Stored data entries
=== Begin Enclosure ===

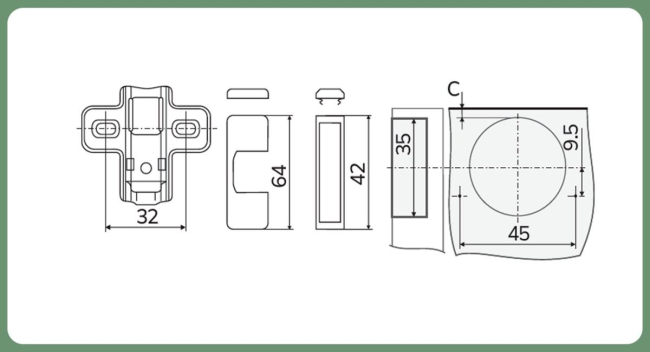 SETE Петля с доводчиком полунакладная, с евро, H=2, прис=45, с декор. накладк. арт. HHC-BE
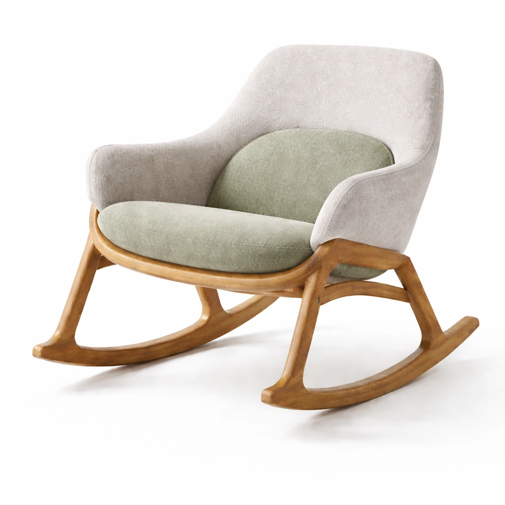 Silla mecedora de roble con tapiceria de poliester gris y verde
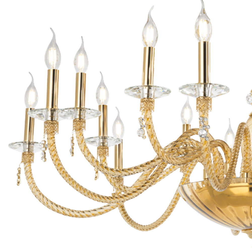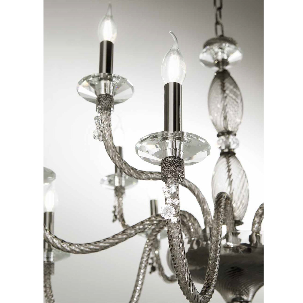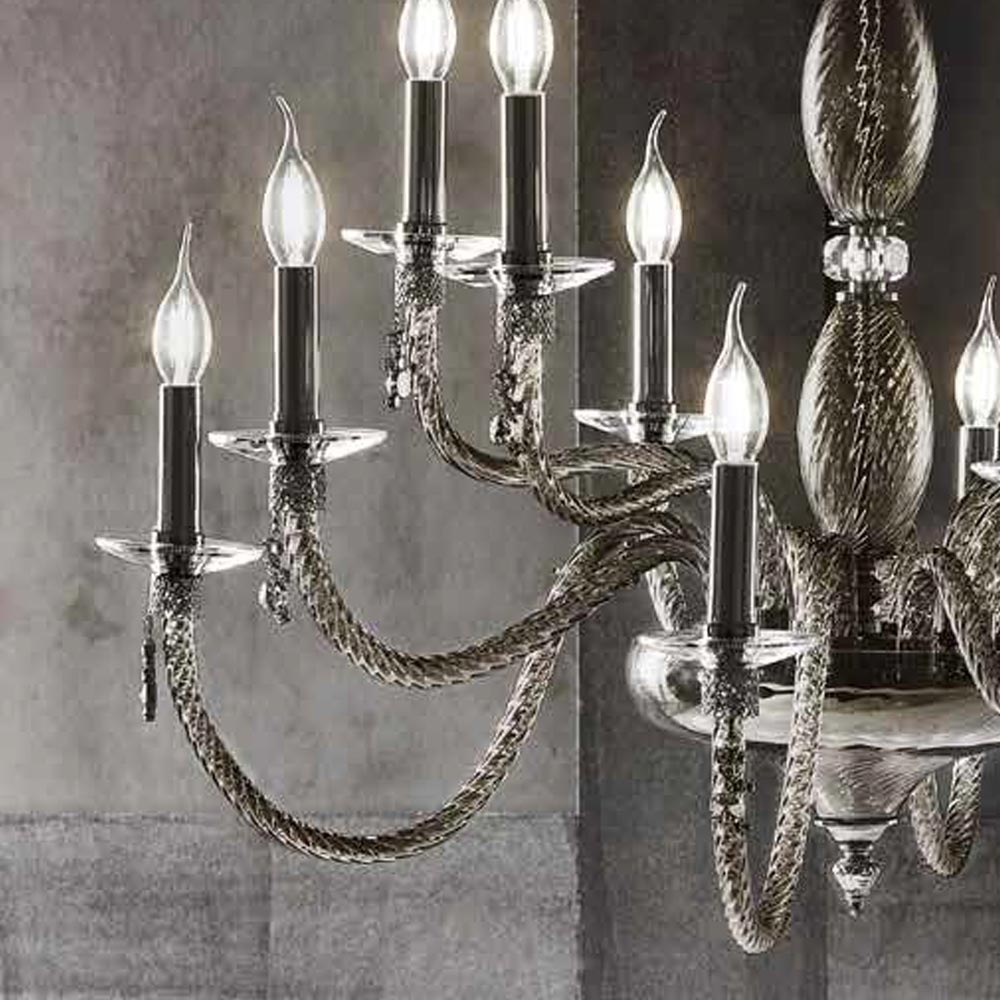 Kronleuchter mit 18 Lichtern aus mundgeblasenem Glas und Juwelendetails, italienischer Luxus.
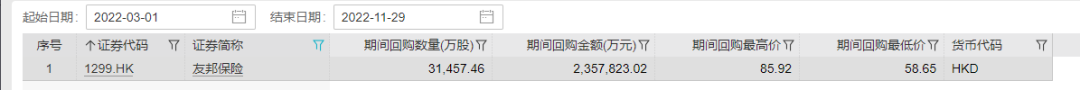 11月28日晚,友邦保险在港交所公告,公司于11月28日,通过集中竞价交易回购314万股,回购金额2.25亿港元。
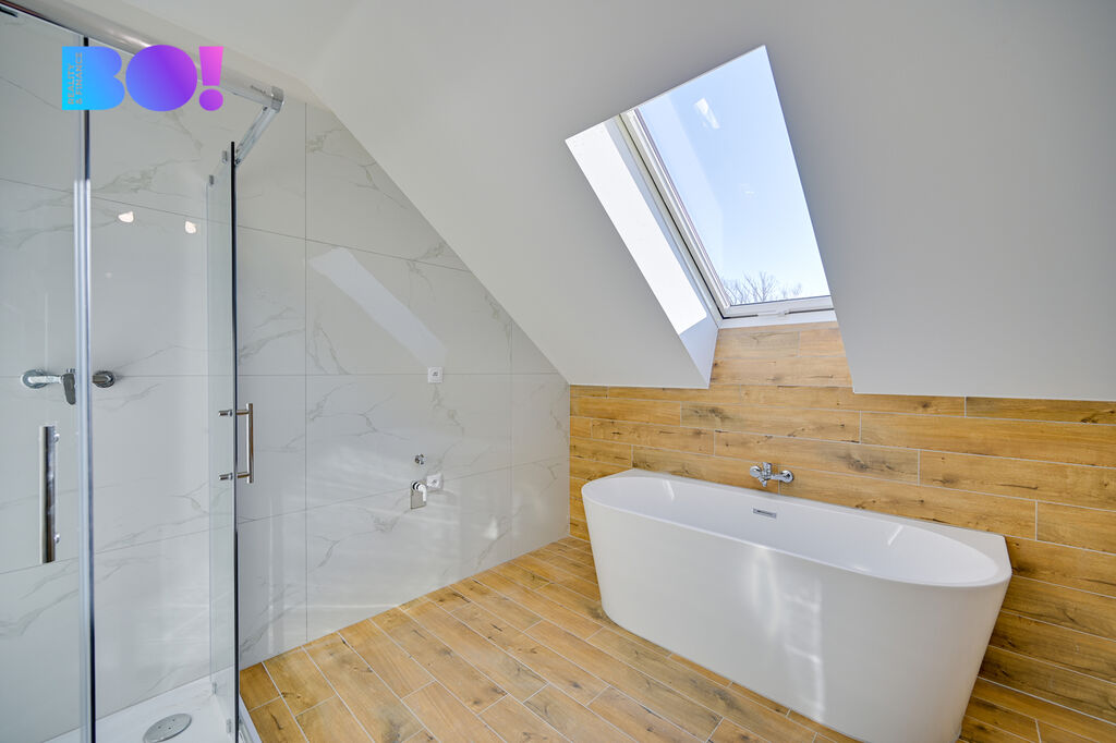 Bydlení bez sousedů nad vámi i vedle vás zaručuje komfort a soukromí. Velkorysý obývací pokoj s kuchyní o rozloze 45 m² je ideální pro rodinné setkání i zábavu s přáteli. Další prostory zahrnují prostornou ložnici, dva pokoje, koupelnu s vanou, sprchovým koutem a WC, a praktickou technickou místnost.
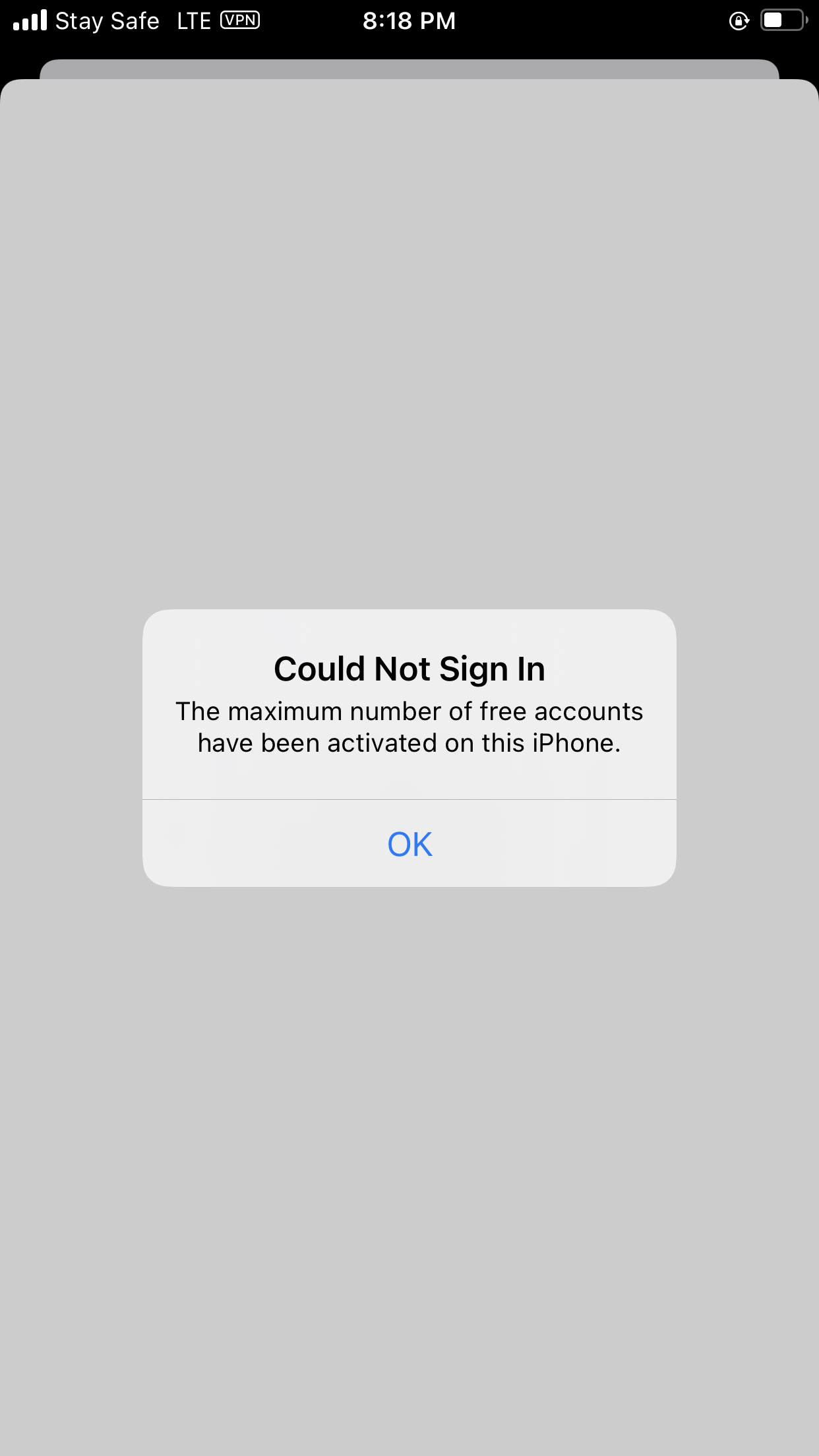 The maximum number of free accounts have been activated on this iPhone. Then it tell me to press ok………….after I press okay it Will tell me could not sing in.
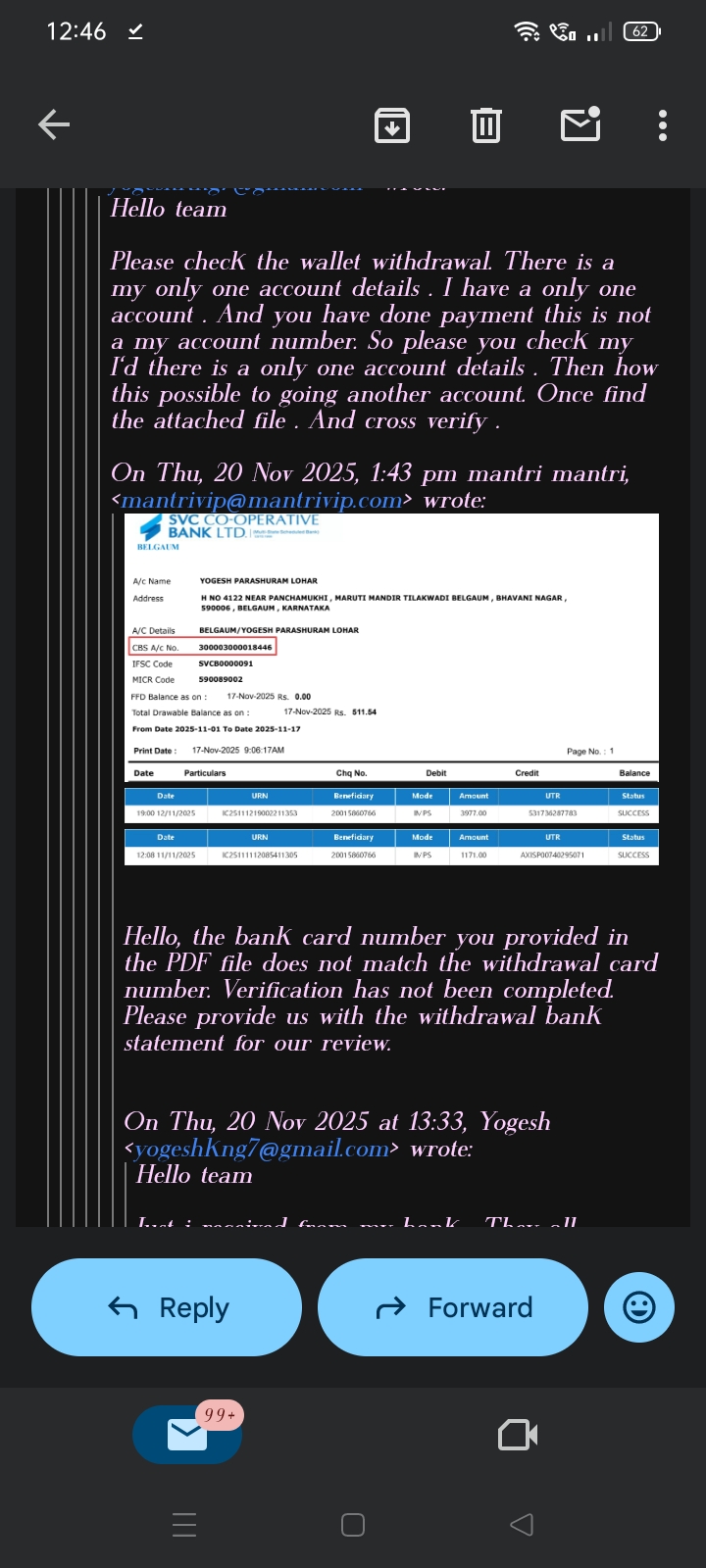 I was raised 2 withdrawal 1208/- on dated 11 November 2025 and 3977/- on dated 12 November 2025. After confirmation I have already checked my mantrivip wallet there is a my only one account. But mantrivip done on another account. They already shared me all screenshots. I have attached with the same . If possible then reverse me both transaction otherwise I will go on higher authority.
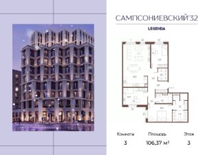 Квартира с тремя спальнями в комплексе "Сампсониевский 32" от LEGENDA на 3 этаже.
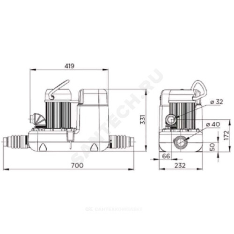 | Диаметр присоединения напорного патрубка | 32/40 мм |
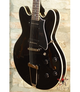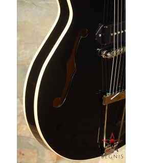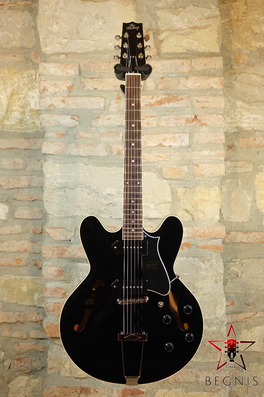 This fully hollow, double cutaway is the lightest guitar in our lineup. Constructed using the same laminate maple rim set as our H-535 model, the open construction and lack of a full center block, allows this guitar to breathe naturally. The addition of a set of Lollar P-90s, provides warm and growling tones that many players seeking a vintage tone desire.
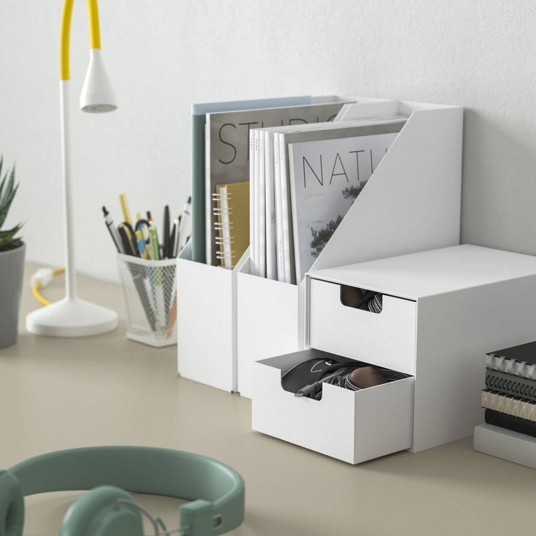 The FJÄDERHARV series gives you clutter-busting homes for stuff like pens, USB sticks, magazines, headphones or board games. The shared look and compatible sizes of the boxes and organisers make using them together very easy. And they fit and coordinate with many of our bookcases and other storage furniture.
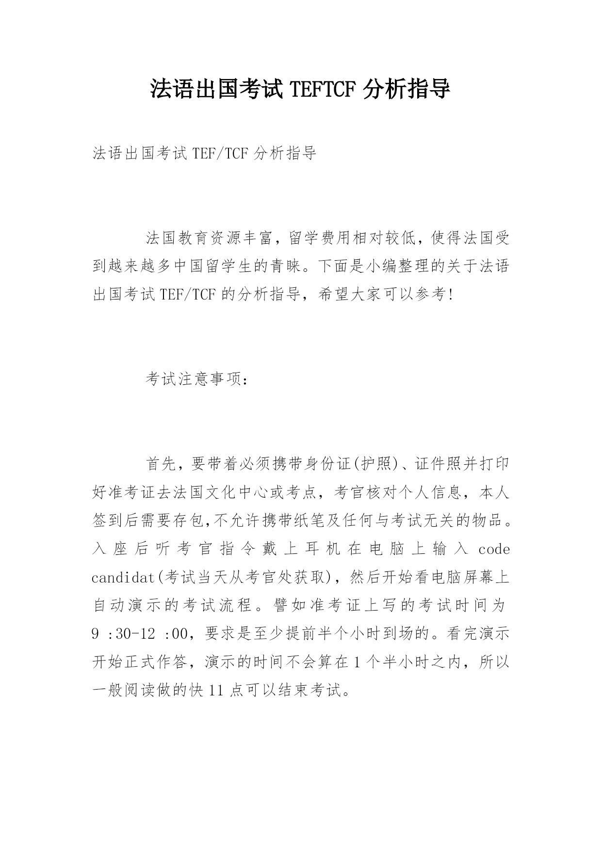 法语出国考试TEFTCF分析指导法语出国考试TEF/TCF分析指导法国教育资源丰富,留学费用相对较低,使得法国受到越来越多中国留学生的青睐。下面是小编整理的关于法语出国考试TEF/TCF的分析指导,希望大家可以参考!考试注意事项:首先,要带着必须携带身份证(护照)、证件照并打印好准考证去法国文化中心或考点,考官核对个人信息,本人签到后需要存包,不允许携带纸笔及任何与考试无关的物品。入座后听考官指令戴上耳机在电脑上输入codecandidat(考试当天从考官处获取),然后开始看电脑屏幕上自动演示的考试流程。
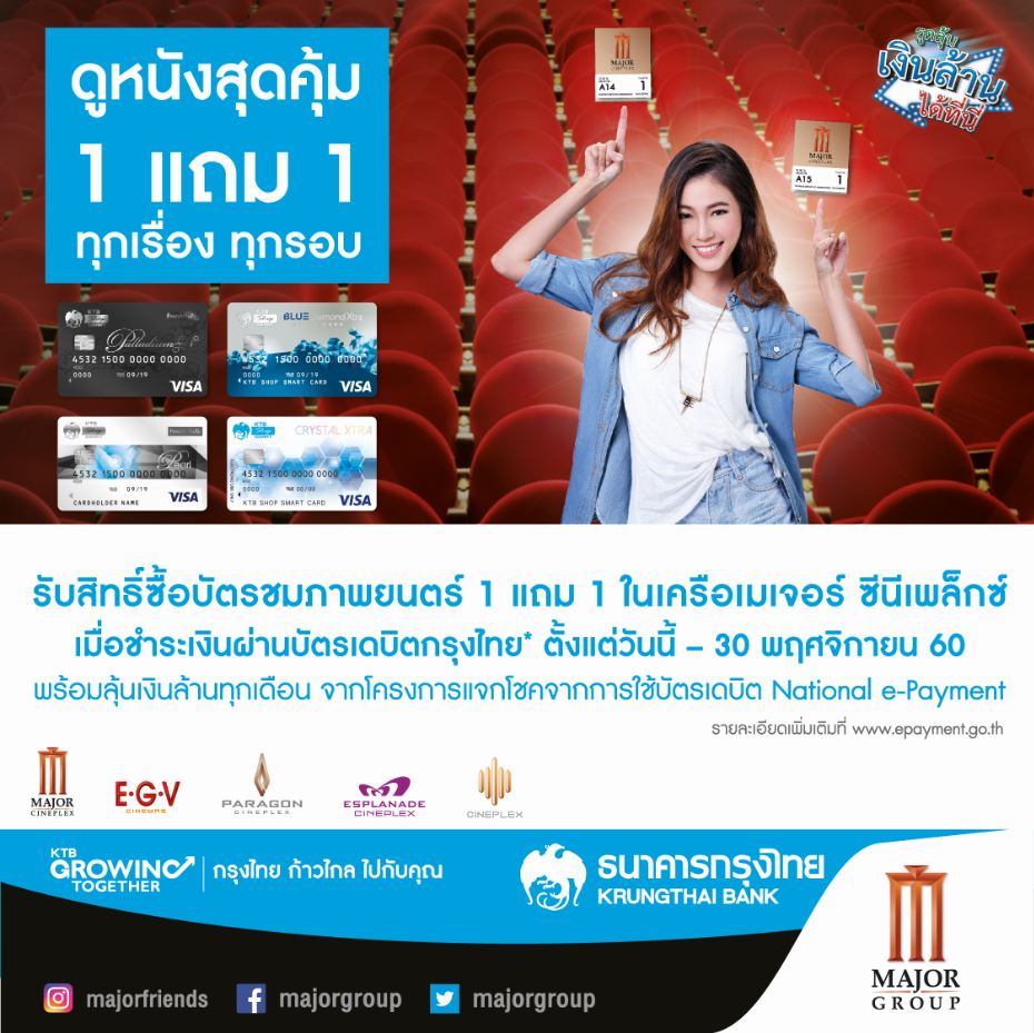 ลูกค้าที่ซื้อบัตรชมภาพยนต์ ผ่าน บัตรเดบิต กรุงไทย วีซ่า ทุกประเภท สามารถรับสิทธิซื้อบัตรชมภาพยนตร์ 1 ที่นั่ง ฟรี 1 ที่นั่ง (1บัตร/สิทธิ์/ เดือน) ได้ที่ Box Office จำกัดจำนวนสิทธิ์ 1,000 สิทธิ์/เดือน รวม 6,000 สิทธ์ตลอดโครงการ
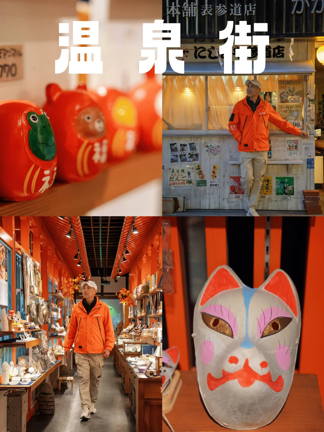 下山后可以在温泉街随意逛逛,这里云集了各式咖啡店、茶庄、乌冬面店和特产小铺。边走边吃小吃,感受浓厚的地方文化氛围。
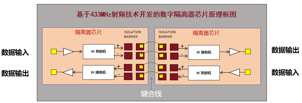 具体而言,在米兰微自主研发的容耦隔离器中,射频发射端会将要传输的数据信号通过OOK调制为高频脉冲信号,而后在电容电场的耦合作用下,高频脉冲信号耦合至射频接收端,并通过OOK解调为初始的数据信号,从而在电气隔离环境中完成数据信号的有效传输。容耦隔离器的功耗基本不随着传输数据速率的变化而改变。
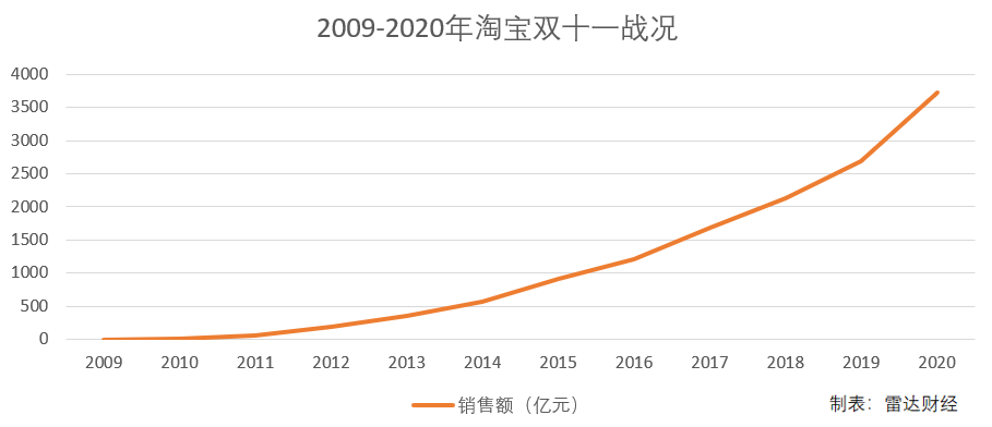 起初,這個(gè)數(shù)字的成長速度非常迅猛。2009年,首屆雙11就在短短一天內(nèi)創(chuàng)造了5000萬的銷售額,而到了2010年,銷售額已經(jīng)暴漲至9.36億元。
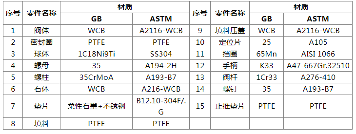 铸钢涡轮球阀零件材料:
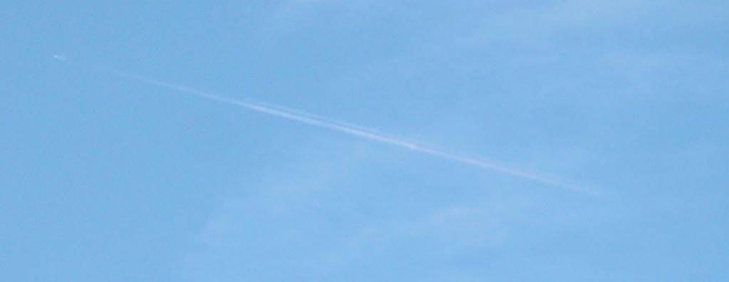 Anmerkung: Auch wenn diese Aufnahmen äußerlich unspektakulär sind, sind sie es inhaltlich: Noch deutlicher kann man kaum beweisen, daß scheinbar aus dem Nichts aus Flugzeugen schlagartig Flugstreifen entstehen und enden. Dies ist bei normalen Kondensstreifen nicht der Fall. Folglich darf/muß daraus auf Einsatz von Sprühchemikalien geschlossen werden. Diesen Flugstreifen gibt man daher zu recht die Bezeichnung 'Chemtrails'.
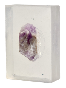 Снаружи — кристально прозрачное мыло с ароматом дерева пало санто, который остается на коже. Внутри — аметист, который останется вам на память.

=== End Enclosure ===

If a picture sits between the line containing "патрубка | 32/40 мм |" and the line containing "法语出国考试TEFTCF分析", leave it out, and return the lines of that range above exactly, both ends included.

 | Диаметр присоединения напорного патрубка | 32/40 мм |
 This fully hollow, double cutaway is the lightest guitar in our lineup. Constructed using the same laminate maple rim set as our H-535 model, the open construction and lack of a full center block, allows this guitar to breathe naturally. The addition of a set of Lollar P-90s, provides warm and growling tones that many players seeking a vintage tone desire.
 The FJÄDERHARV series gives you clutter-busting homes for stuff like pens, USB sticks, magazines, headphones or board games. The shared look and compatible sizes of the boxes and organisers make using them together very easy. And they fit and coordinate with many of our bookcases and other storage furniture.
 法语出国考试TEFTCF分析指导法语出国考试TEF/TCF分析指导法国教育资源丰富,留学费用相对较低,使得法国受到越来越多中国留学生的青睐。下面是小编整理的关于法语出国考试TEF/TCF的分析指导,希望大家可以参考!考试注意事项:首先,要带着必须携带身份证(护照)、证件照并打印好准考证去法国文化中心或考点,考官核对个人信息,本人签到后需要存包,不允许携带纸笔及任何与考试无关的物品。入座后听考官指令戴上耳机在电脑上输入codecandidat(考试当天从考官处获取),然后开始看电脑屏幕上自动演示的考试流程。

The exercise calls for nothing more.